Julie Opp later replaced Julia Neilson as Rosalind after the actress' departure from As You like it and a few months afterwards assumed the lead role Princess Pannonia in Pinero's The Princess and the Butterfly when Neilson retired from that production.
The following year Julie Opp married British actor Robert Loraine (November 7, 1897) and sailed to America where on November 23, she made her New York debut at the Lyceum Theater reprising her role in a Daniel Frohman production of The Princess and the Butterfly and the following year as Belle in R. C. Carton's The Tree of Knowledge.

She returned to England in 1900 to perform with Alexander's company for several seasons in productions of Anthony Hope's Rupert of Hentzau, playing Holf; Hope's The Prisoner of Zenda, as Antoinette de Mauban; Walter Frith's The Man of Forty, as Mrs. Egerton; Pearl Craigie's The Wisdom of the Wise, in the role of Annabel East; Charles Haddon Chambers' The Awakening, playing Mrs. Herbertson; and Henry V. Esmond's The Wilderness, taking the part of Edith Thorold. Opp return to New York in 1902 to play opposite William Faversham in The Royal Rival, an adaptation of Jules Massenet's Don Caesar de Kazan by Gerald du Maurier in which she assumed the role of Marlta.

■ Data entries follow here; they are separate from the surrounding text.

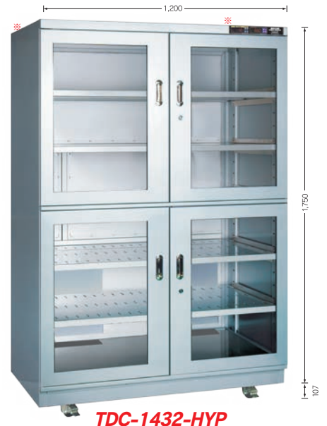
TDC-1432-HYP TDC-1432-DUS (Depth inside 650mm)

SPECIFICATION ※Specifications are subject to change without notice. ● Dimensions: Displayed in the order of W (width) x D (depth) x H (height)
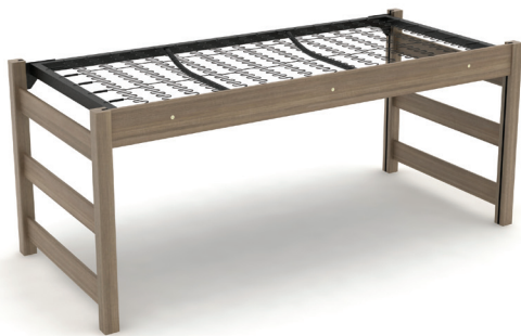
Junior Loft JL-3680-SC with Optional Facia Panel
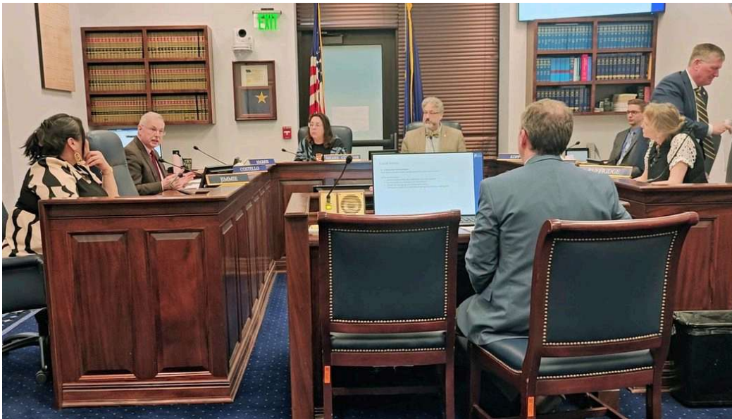
Addressing the House Special Committee on Energy on the fuel supply crisis facing rural Alaska
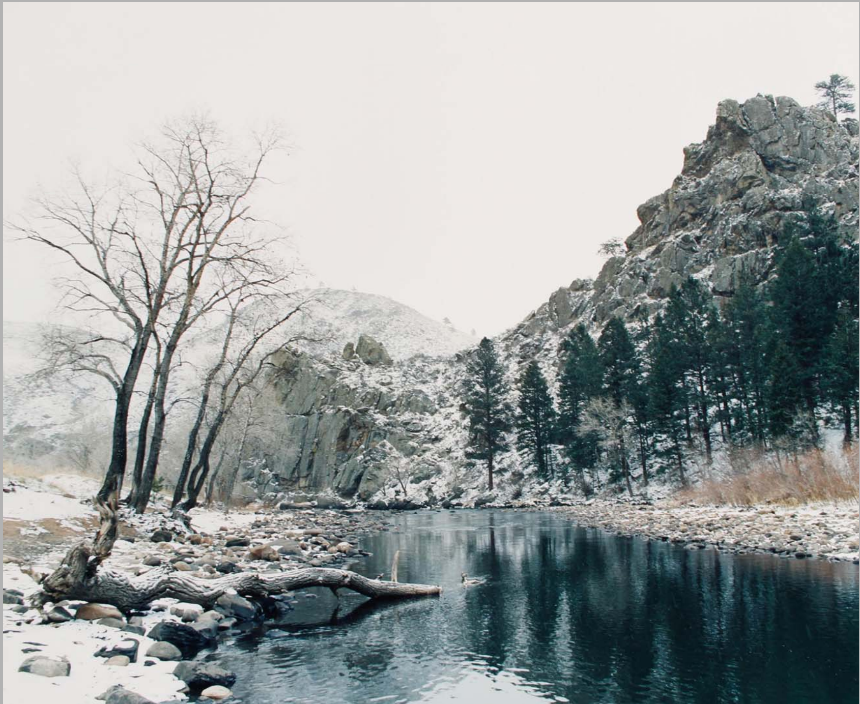
Figure 2: In the River 2.

In 1902 she received a divorce from Loraine and on December 29 of that year married William Faversham, a British actor who would go on to have a long career in America. Over the years the couple would appear together in such play as R. C. Carton's Lord and Lady Algy, Edwin Milton Royle's Squaw Man, Charles Frederick Nirdlinger's The World and His Wife, Edward Childs Carpenter's The Barber of Orleans, Stephen Phillips' Herod and Edward Knoblock's The Faun. In 1906 Julie Opp published The Squaw Man: a Novel, taken from the play by Edwin Royle.

Julie Opp fell seriously ill in 1914 while traveling abroad with her husband and two sons. By autumn she seemed to have recovered her health and returned to the stage with Faversham in The Hawk by Francis de Croisset and Marie Zane Taylor (English translation). She soon suffered a relapse and was forced to withdraw from the production that would prove to be the last of her career.

She spent her remaining years dividing her time between their residence in New York City and a country home on Long Island. Julie Opp died after a failed operation at the Post Graduate Hospital on April 9, 1921. She was survived by her husband and sons, William Jr. (born 1905) and Phillip (born 1907).